Take, for instance, the start of last year’s Champions League final. It was the first half in Cardiff, and Ronaldo looked enviously at Juventus’s Mario Mandzukic, who briefly morphed into Misty Copeland to bang in an overhead kick from forever away and put the Italian side up 1-0 against the run of play. “Mario Mandzukic,” Ronaldo scoffed to himself, I imagine. “That, to me, is a dog’s name.” Never to be outdone, Ronaldo then attempted an acrobatic overhead kick of his own. He missed, we all had a good laugh about it, and Madrid still ended up winning 4-1.
So, yes, Ronaldo is, fairly obviously, not what he once was.
That doesn’t mean he can’t still impose himself on a game. That he isn’t still unfair. Ronaldo went to Turin for the first leg of Madrid’s Champions League quarterfinal tie against Juventus on Tuesday and put his feet up on the Old Lady’s desk, bagging two goals. First a header, then a backbreaker. The home fans could only applaud:
Let’s break that “unfair” down a little. It was a vintage Madrid performance in that the scoreline didn’t fairly reflect the exchanges of the actual game, which turned largely on confounding individual efforts, like that save from Keylor Navas or Paulo Dybala planting a boot in Dani Carvajal’s chest. Moreover, there was the creeping sense of an invisible hand tipping the cosmic scales in their favor. What are the chances that Giorgio Chiellini and Gigi Buffon—who have a telepathic link, based on all available evidence—conspire to flub a clearance so poorly? What are you even supposed to do with something like that?

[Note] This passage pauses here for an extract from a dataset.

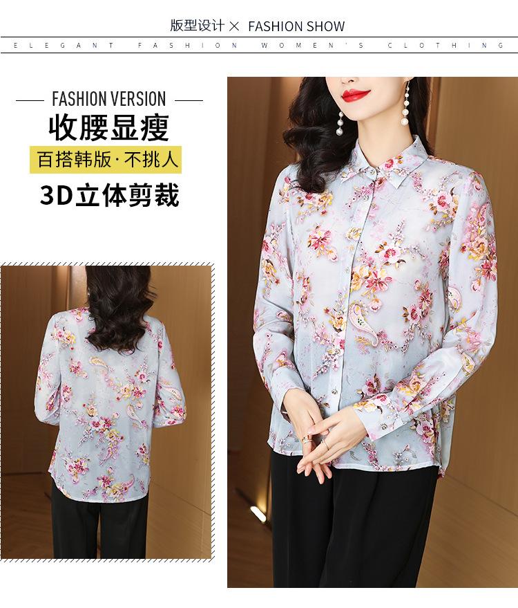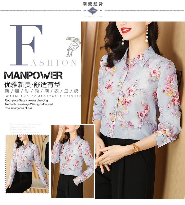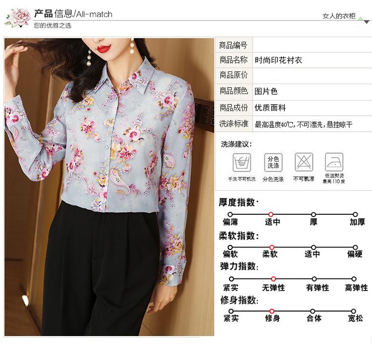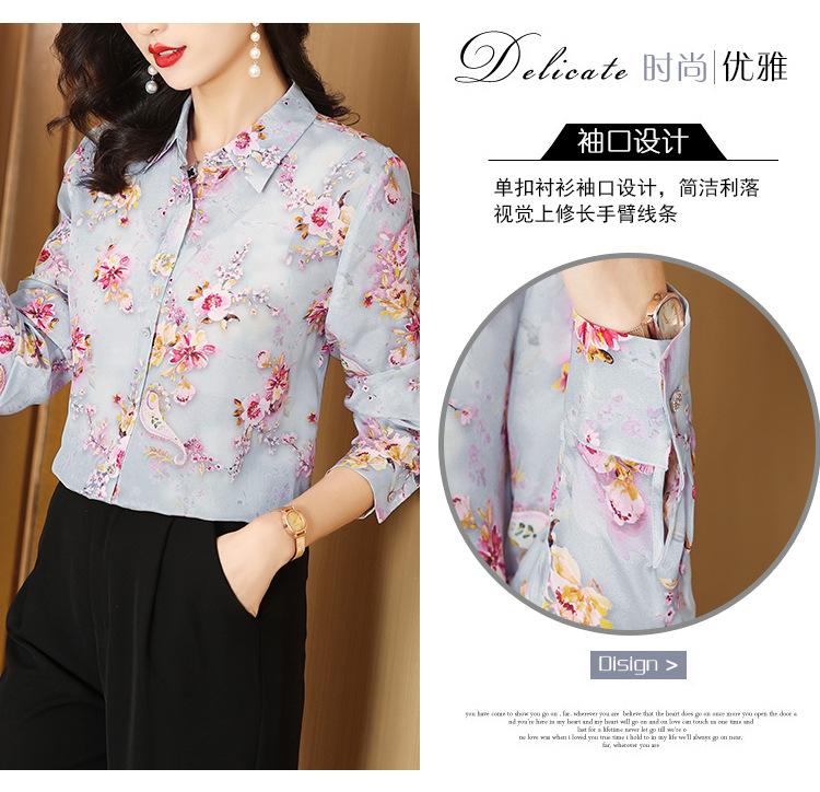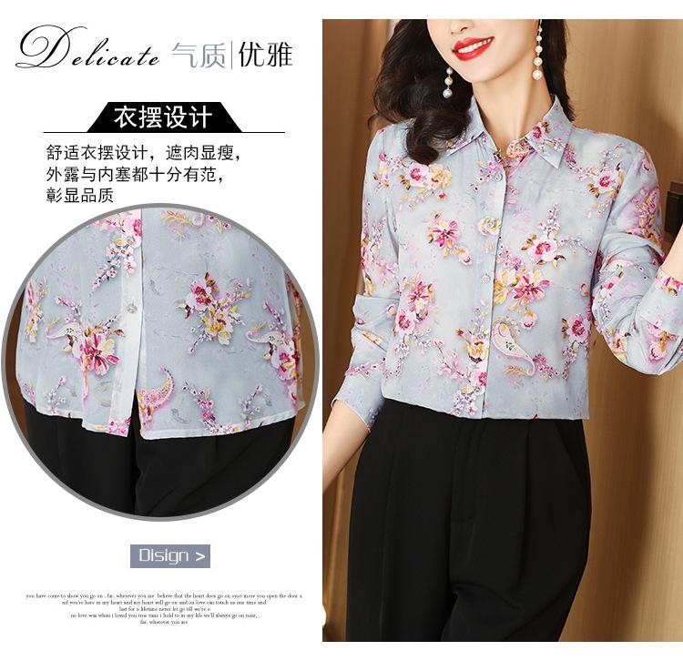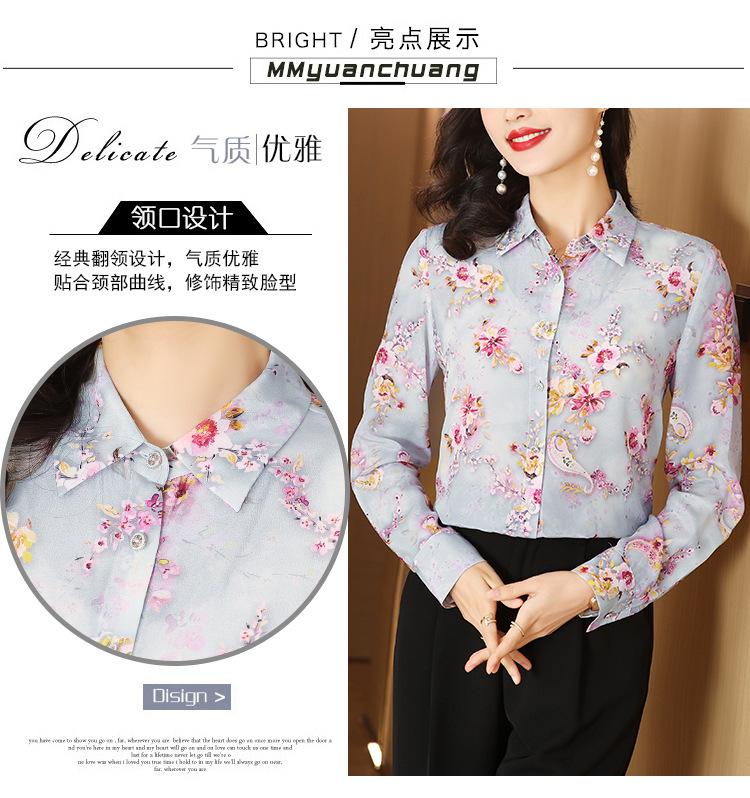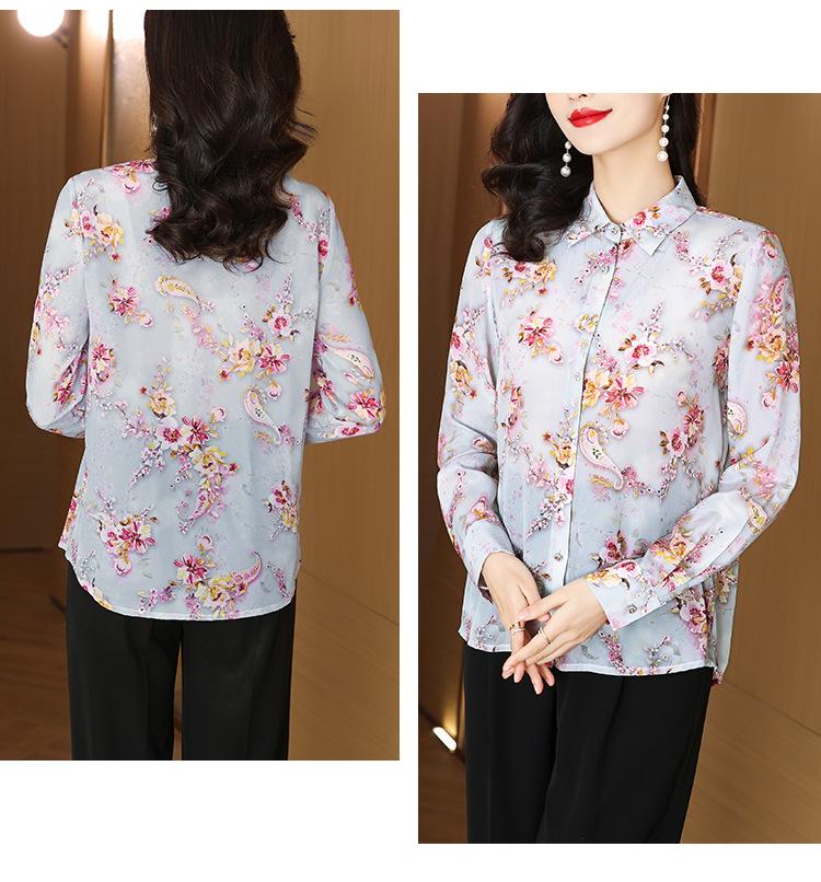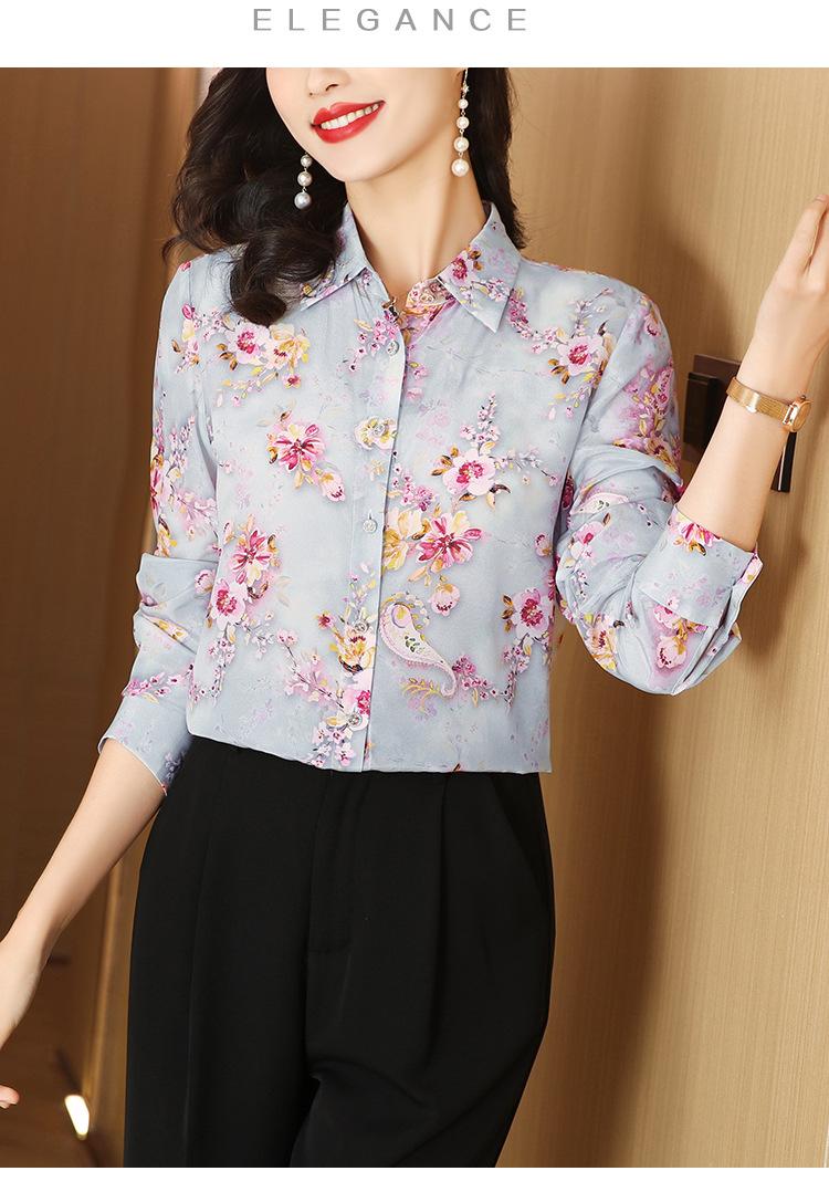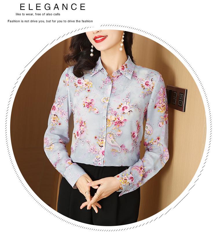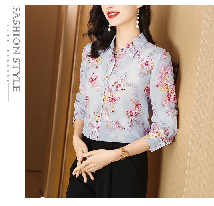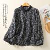Primavera 2025 Nueva Camisa Retro Francesa Estampada Transfronteriza Camisa de Manga Larga para Mujer Top Elegante para Viajera

There are any number of reasons that this shouldn’t have come off. But those are the moments most worth watching and rewatching until your brain dissolves into dust or you begin to understand how it could have happened in the first place.
I mean, look at how high he got. Cristiano Ronaldo is 33 years old now. I wonder what he’ll look like in his 40s.
An earlier version of this piece misstated the score in Tuesday’s Real Madrid–Juventus match; Madrid won 3-0, not 3-1.